→ Problem statement
Once the line containing "black leather gold-tone" is found, please copy it and all lines after it through the end of the records, exactly, leaving out pictures.

(Data items)
-.-.-

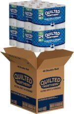 The compact packaging (16.63″L x 12.88″W x 16.75″H) makes storage convenient in closets or utility rooms, while the double roll design means more sheets per roll—extending time between replacements. Whether for daily household use or guest bathrooms, this quilted 2-ply toilet paper combines comfort, strength, and sustainability for a reliable bathroom essential.
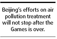 Updated: 2008-08-22 07:45 Is Beijing's air quality still a concern? Some people seem to have underestimated the host city's capability to keep its promise of clearing up its air for the Olympic Games. Monitoring results show that the city's air quality has reached the required standards in every single day over the past three weeks although it looked misty on some days because of too much moisture in the air and low air pressure. The blue sky and white clouds for most of the Games' days were irrefutable evidence that the rhetoric about the host city's ability to honor its promise of clearing up its air for the Games was largely motivated. And some athletes were even advised to wear air masks, which have been proved to be a piece of useless advice.
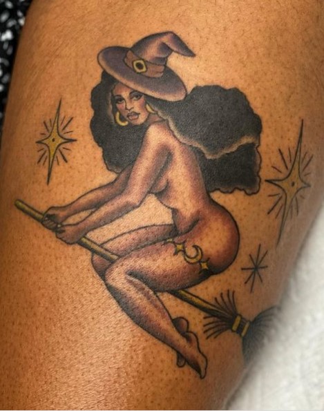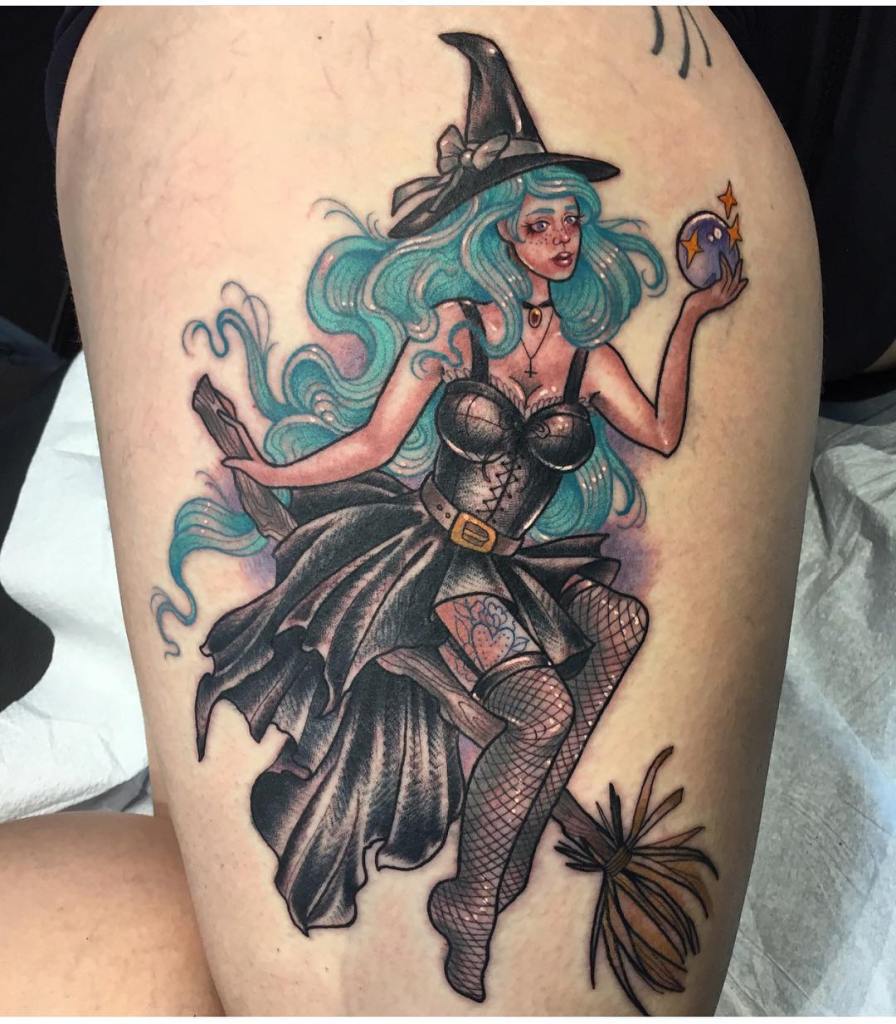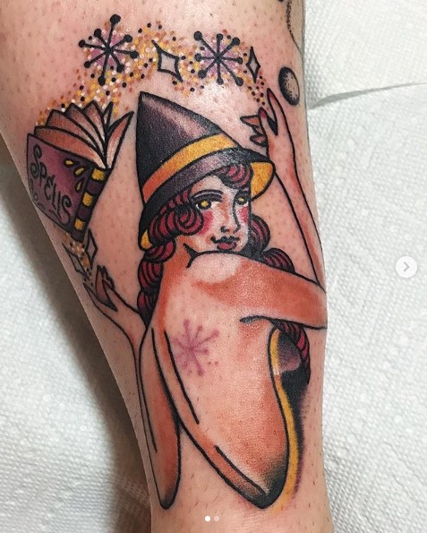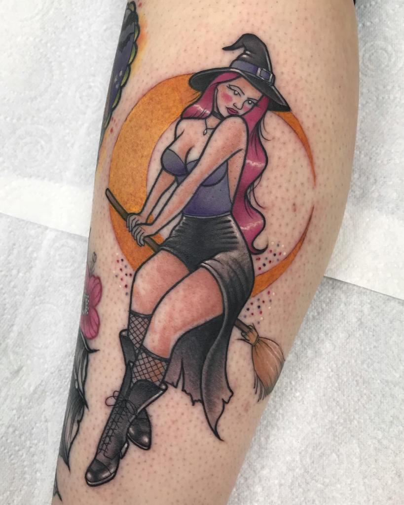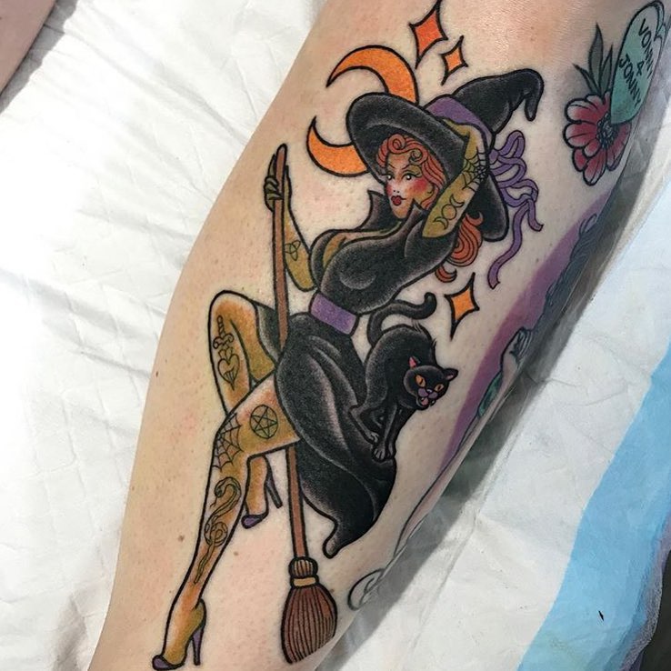 Neo trad witch pinup tattoo by @stephanie_melbourne
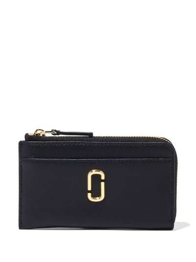 black leather gold-tone logo plaque chain-link detailing top zip fastening card slots coin pocket
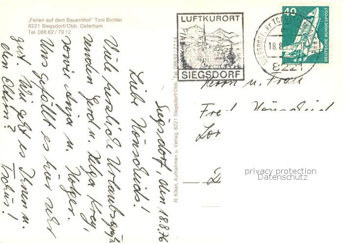 73024551 alte Postkarte Siegsdorf Oberbayern Osterham Ferien auf dem Bauernhof postalisch gelaufen Erhaltung siehe scans [KathaD81] KatCode: 11110009189145
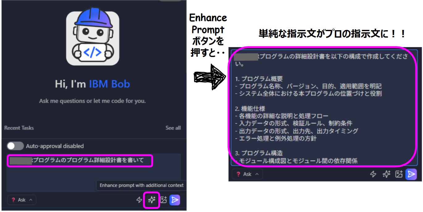 そして、Bobのチャット画面で指示を出す際の「Enhance Prompt(プロンプト強化)」ボタンは非常に便利でした。

-.-.-

→ Result of this exercise
 black leather gold-tone logo plaque chain-link detailing top zip fastening card slots coin pocket
 73024551 alte Postkarte Siegsdorf Oberbayern Osterham Ferien auf dem Bauernhof postalisch gelaufen Erhaltung siehe scans [KathaD81] KatCode: 11110009189145
 そして、Bobのチャット画面で指示を出す際の「Enhance Prompt(プロンプト強化)」ボタンは非常に便利でした。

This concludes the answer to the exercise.